É incrível como o que se faz no passado pode refletir emocionalmente na vida de outra pessoa aleatória, nesse caso o próprio filho do casal que se conheceu no acampamento, eles não tiveram nenhum interesse em crescer financeiramente e nem pensaram no futuro, foram levando a vida como deu, não podemos também colocar toda a culpa nos dois, mas eles tiveram sim, uma grande porcentagem de irresponsabilidade, o que acabou deixando o filho deles com problemas de relação social, a outra parte da culpa vai para o filho que não aceita a condição em que vive, e pensa com cabeça de rico, como se ele fosse o único com problemas financeiros no mundo, como se nascer rico fosse uma escolha, essa falta de humildade da parte dele só o levou mais pra baixo ainda.
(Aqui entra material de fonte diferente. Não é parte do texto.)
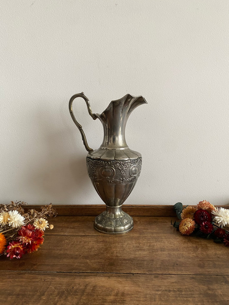Beau vase en métal argenté orné de fleurs sculptées. Belle patine.
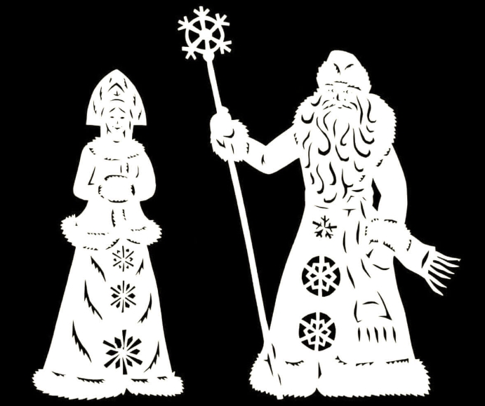 Вытынанками называют один из видов народного искусства, особую технику вырезания ажурных узоров, фигур, композиций из бумаги и других тонких материалов. Их наклеивают на разные поверхности, например, на окна и зеркала. Шаблоны вытынанок являются отличным украшением ко многим праздникам, а особенно к Новому году и способствуют созданию сказочного настроения. В качестве клеящего вещества используют простое мыло, разведенное в воде. Для работы подойдут канцелярский нож или резак и маникюрные ножницы, чтобы аккуратно вырезать мелкие детали.

Não encontrei nenhuma análise construtiva e produtiva pra encerrar esse texto, mas fica aqui com vocês leitores, uma historinha bem divertida, um abraço a todos, obrigado a quem leu.

2 comentários:

  1. a historia é muito boa, e o texto muito bem escrito! ficou bem legal, parabens. beijo Marfa

    ResponderExcluir
  2. Que bom poder ler algo com qualidade hoje em dia. Thales, acho que tu poderia investir nisso, tu escreves super bem.
    A tua crônica, sim podemos chamá-la assim, está bem elaborada, a ideia central é muito boa e se eu parar um pouquinho e viajar eu consigo ver isso como um prólogo de uma pequena história talvez, ou depedendendo do desenvolvimento, um livro substancial.

    Parabéns! E se eu puder te dar um conselho, não pára de escrever, tu tens talento.